Regulation of Na,K-ATPase gene expression by thyroid hormone in rat cardiocytes.

作者信息

Kamitani T, Ikeda U, Muto S, Kawakami K, Nagano K, Tsuruya Y, Oguchi A, Yamamoto K, Hara Y, Kojima T

机构信息

Department of Cardiology, Jichi Medical School, Tochigi, Japan.

出版信息

Circ Res. 1992 Dec;71(6):1457-64. doi: 10.1161/01.res.71.6.1457.
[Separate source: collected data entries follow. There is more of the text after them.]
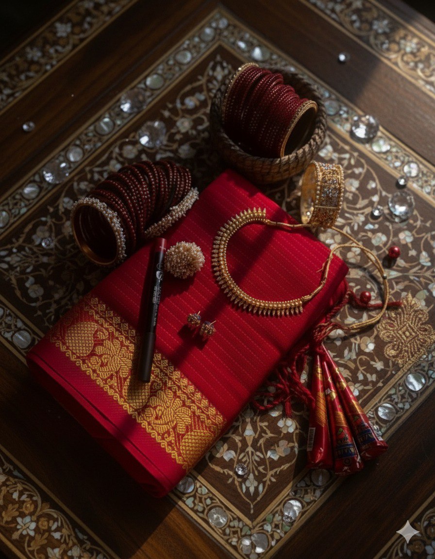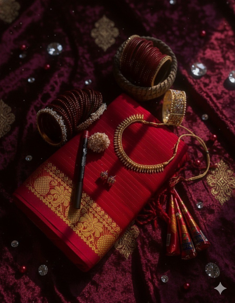 চুড়ি (Bangles) – গাঢ় লাল কাঁচের চুড়ি, মাঝে সোনালি ও মুক্তার অলংকরণসহ।
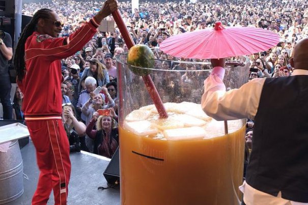 Cartea Recordurilor a confirmat că uriaşul pahar cu băutură, care a fost preparat sâmbătă la festivalul BottleRock Napa Valley, chiar de Snoop Dogg, Warren G şi Michael Voltaggio, este cel mai mare cocktail din lume.
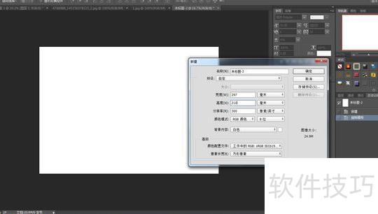 打开PS,选择文件—新建,创建适当尺寸的白色背景文档。
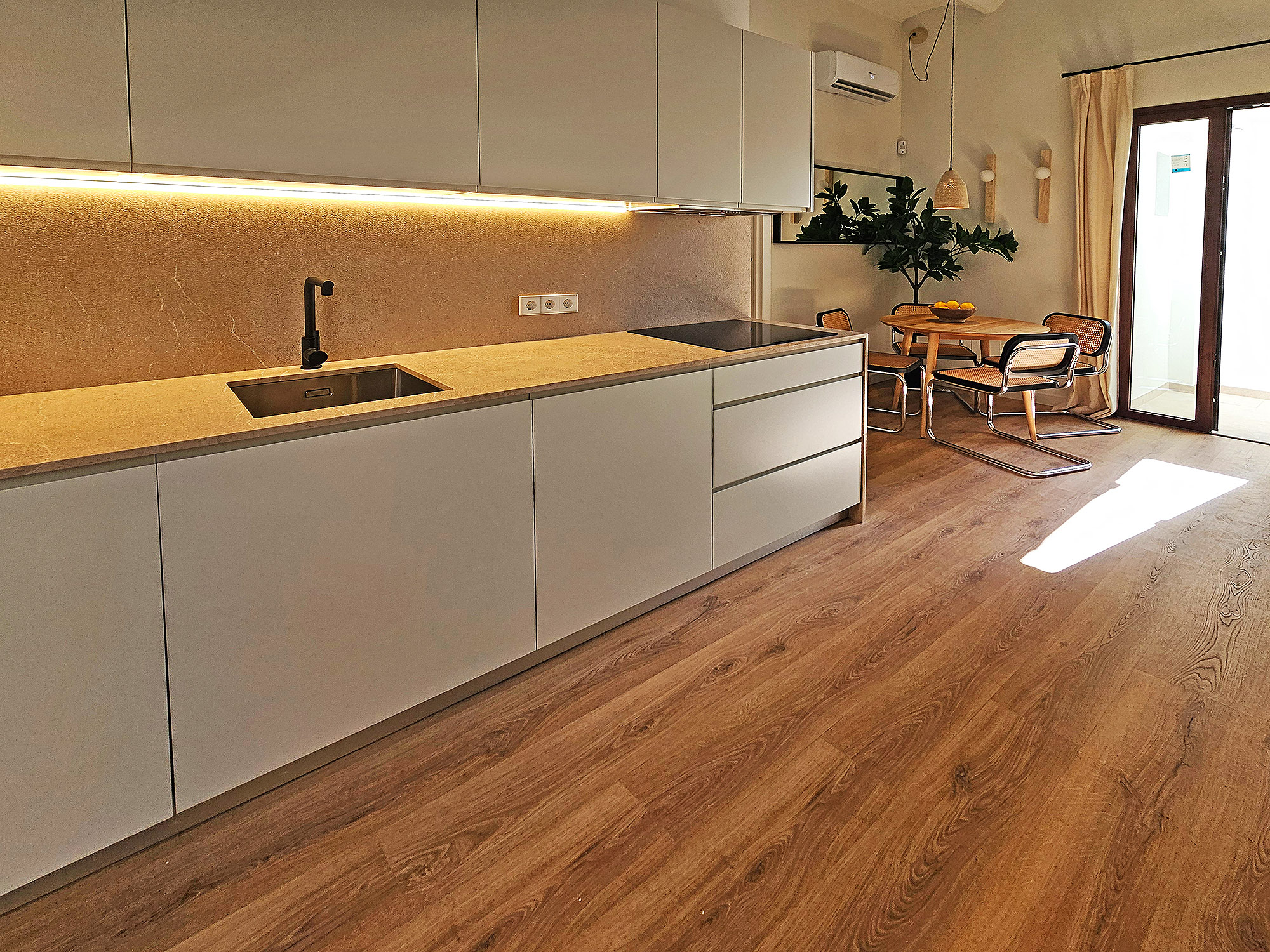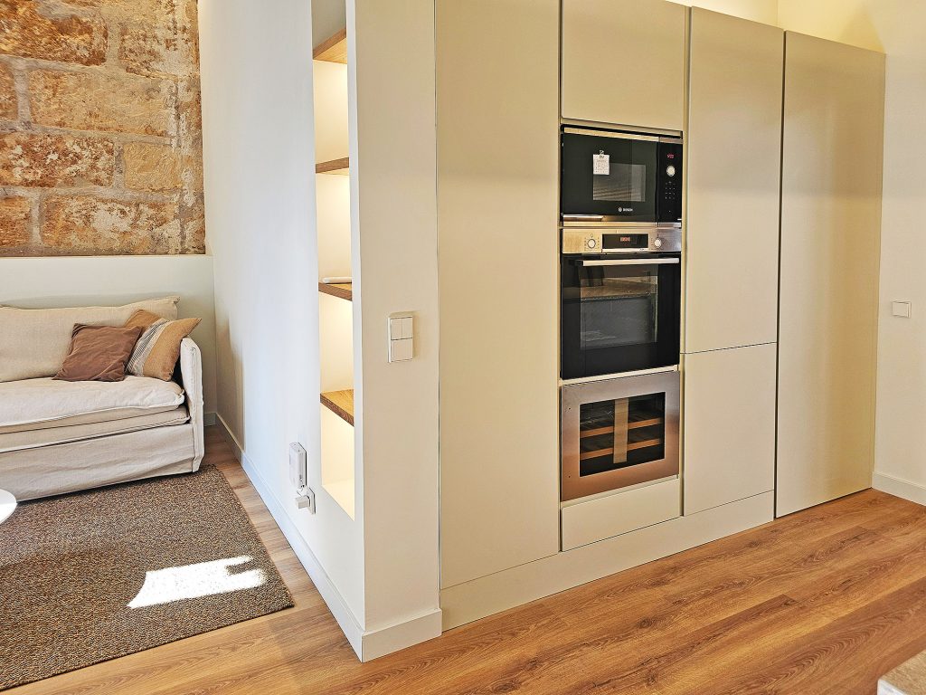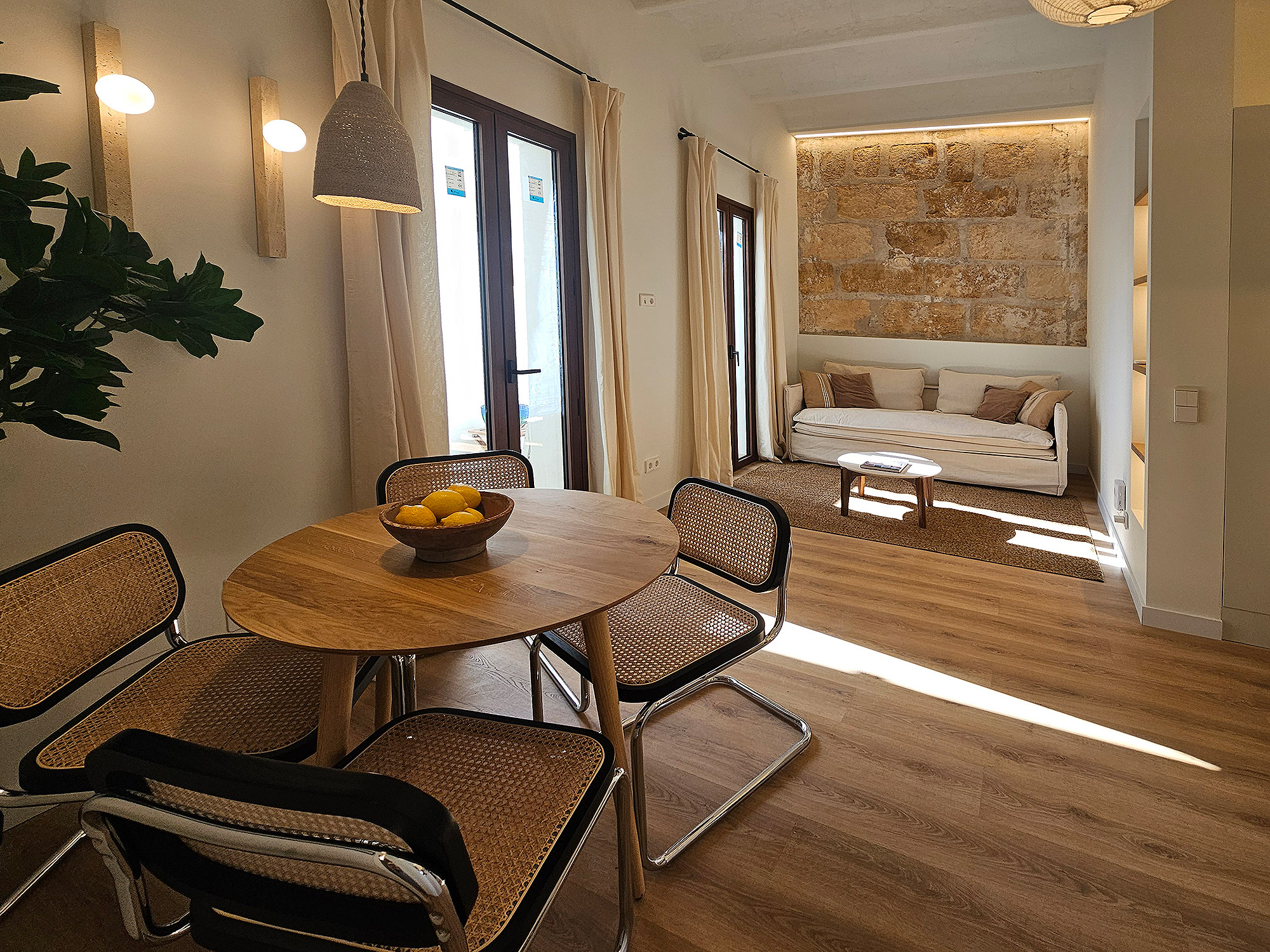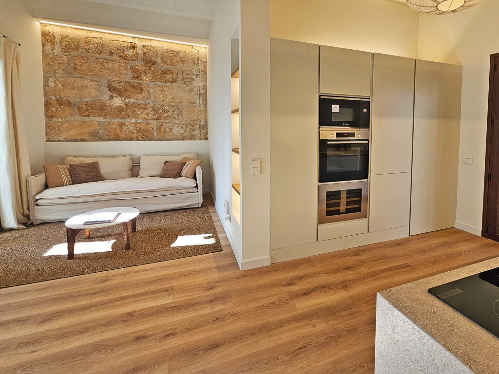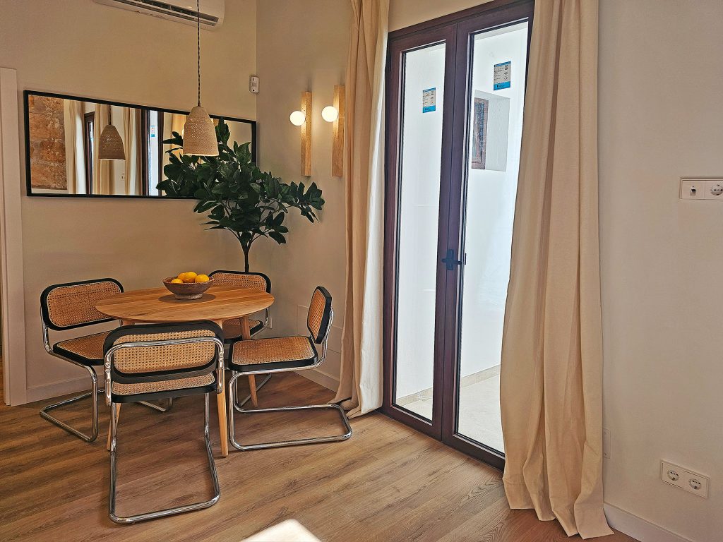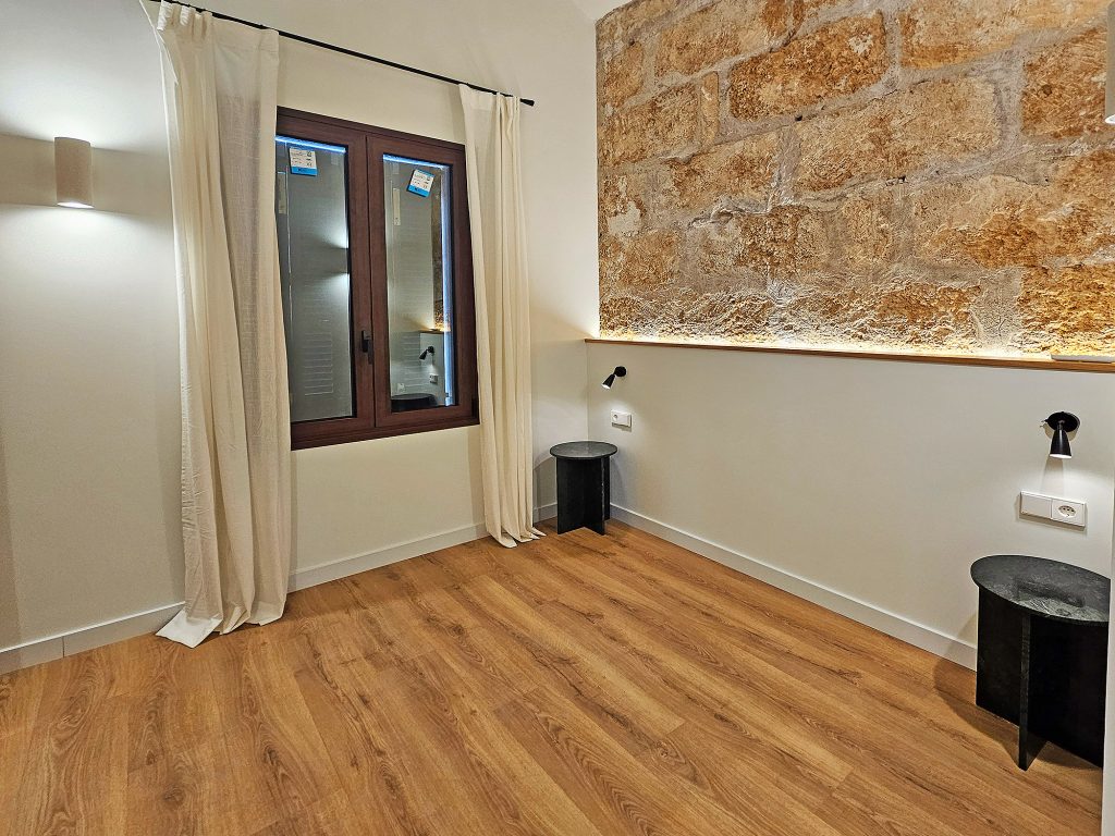 På i alt 59 m2 er der 2 soveværelser, en lys stue med åbent køkken, et badeværelse med bruser og en terrasse. Bygningen er et typisk mallorcinsk hus med få naboer, som også netop er blevet renoveret.

DOI:10.1161/01.res.71.6.1457
PMID:1330358
Abstract

Synthesis and activity of the enzymatic equivalent of the sodium pump, Na,K-ATPase, are regulated by thyroid hormone in responsive tissues. The purpose of this study was to determine whether triiodothyronine (T3) regulates the level of the messenger RNA (mRNA) coding for Na,K-ATPase alpha- and beta-subunits in the heart. The expression of Na,K-ATPase mRNAs in in vitro myocardial cells was directly assayed by Northern and slot blot hybridization using Na,K-ATPase alpha- and beta-isoform-specific cDNA probes. Exposure of cultured neonatal rat cardiocytes to 10(-8) M T3 resulted in 1) threefold to fourfold increase in alpha 1- and beta 1-mRNA accumulation, with a maximum elevation at 48 hours, 2) sevenfold increase in alpha 2-mRNA accumulation with a peak elevation at 72 hours, and 3) transient threefold increase in alpha 3-mRNA within the first 24 hours followed by a deinduction thereafter. The increase in alpha 1-mRNA accumulation by T3 occurred over the physiological T3 concentration range with an EC50 of 5 x 10(-10) M. This was associated with a twofold increase in alpha 1-subunit protein accumulation and an increase in Na,K-ATPase transport activity. The half-life of alpha 1-mRNA analyzed by actinomycin D chase was less than 3 hours and was not affected by T3. Transfection experiments with the luciferase reporter gene revealed that thyroid hormone response sequences are located within the 5'-flanking regions of each alpha-isoform gene.(ABSTRACT TRUNCATED AT 250 WORDS)

摘要

钠泵的酶等同物即钠钾 -ATP酶的合成与活性,在反应性组织中受甲状腺激素调控。本研究的目的是确定三碘甲状腺原氨酸(T3)是否调节心脏中编码钠钾 -ATP酶α和β亚基的信使核糖核酸(mRNA)水平。利用钠钾 -ATP酶α和β同工型特异性cDNA探针,通过Northern印迹和狭缝印迹杂交直接检测体外培养心肌细胞中钠钾 -ATP酶mRNA的表达。将培养的新生大鼠心肌细胞暴露于10^(-8) M T3后,结果如下:1)α1和β1 -mRNA积累增加三到四倍,在48小时达到最大升高;2)α2 -mRNA积累增加七倍,在72小时达到峰值升高;3)α3 -mRNA在最初24小时内短暂增加三倍,之后去诱导。T3引起的α1 -mRNA积累增加发生在生理T3浓度范围内,EC50为5×10^(-10) M。这与α1亚基蛋白积累增加两倍以及钠钾 -ATP酶转运活性增加相关。用放线菌素D追踪分析α1 -mRNA半衰期小于3小时,且不受T3影响。用荧光素酶报告基因进行的转染实验表明,甲状腺激素反应序列位于每个α同工型基因的5'侧翼区域内。(摘要截短至250字)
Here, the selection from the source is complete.